▸ PROBLEM DETAILS: Reproduce verbatim all of the data given below, but do not carry over the images.
== == ==
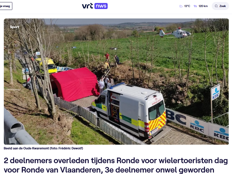 Podczas „We Ride Flanders”, wyścigu dla amatorów kolarstwa dzień przed Rundą Flandryjską, zmarło dwóch uczestników. Trzeci przeżył. Potwierdzili to organizatorzy.
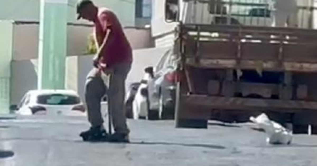 Homem usa pé pra compactar asfalto e vereador fará denúncia
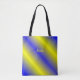 Este bolsa clássico adiciona estilo às suas necessidades diárias. As listras azuis, amarelas-douradas são criadas de uma forma artística única. Você pode colocar um monograma, um nome ou um ditado em qualquer lugar nesta bolsa. Isto é uma impressão. Este é um bolsa na moda vibrante e divertido. É criada artificialmente.
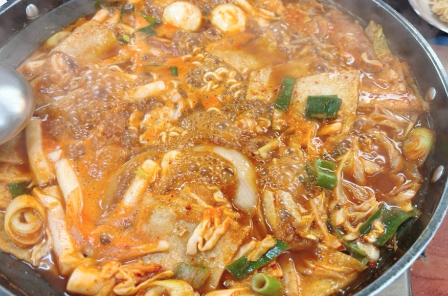 드디어 영롱한 자태를 뽐내며 등장한 즉석 떡볶이! 보글보글 끓어오르는 빨간 국물과 탱글탱글한 밀떡, 라면사리, 어묵, 양배추 등 푸짐한 재료들이 침샘을 마구 자극하더라고요. 역시 눈으로 먼저 먹는 게 최고!
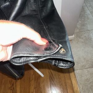 Upgrade your wardrobe with this sleek black men’s leather jacket. Designed for style and comfort. Inside pockets, lightly lined. Small blemish on right shoulder- otherwise in perfect condition!
== == ==
▸ THE ANSWER:
 Podczas „We Ride Flanders”, wyścigu dla amatorów kolarstwa dzień przed Rundą Flandryjską, zmarło dwóch uczestników. Trzeci przeżył. Potwierdzili to organizatorzy.
 Homem usa pé pra compactar asfalto e vereador fará denúncia
 Este bolsa clássico adiciona estilo às suas necessidades diárias. As listras azuis, amarelas-douradas são criadas de uma forma artística única. Você pode colocar um monograma, um nome ou um ditado em qualquer lugar nesta bolsa. Isto é uma impressão. Este é um bolsa na moda vibrante e divertido. É criada artificialmente.
 드디어 영롱한 자태를 뽐내며 등장한 즉석 떡볶이! 보글보글 끓어오르는 빨간 국물과 탱글탱글한 밀떡, 라면사리, 어묵, 양배추 등 푸짐한 재료들이 침샘을 마구 자극하더라고요. 역시 눈으로 먼저 먹는 게 최고!
 Upgrade your wardrobe with this sleek black men’s leather jacket. Designed for style and comfort. Inside pockets, lightly lined. Small blemish on right shoulder- otherwise in perfect condition!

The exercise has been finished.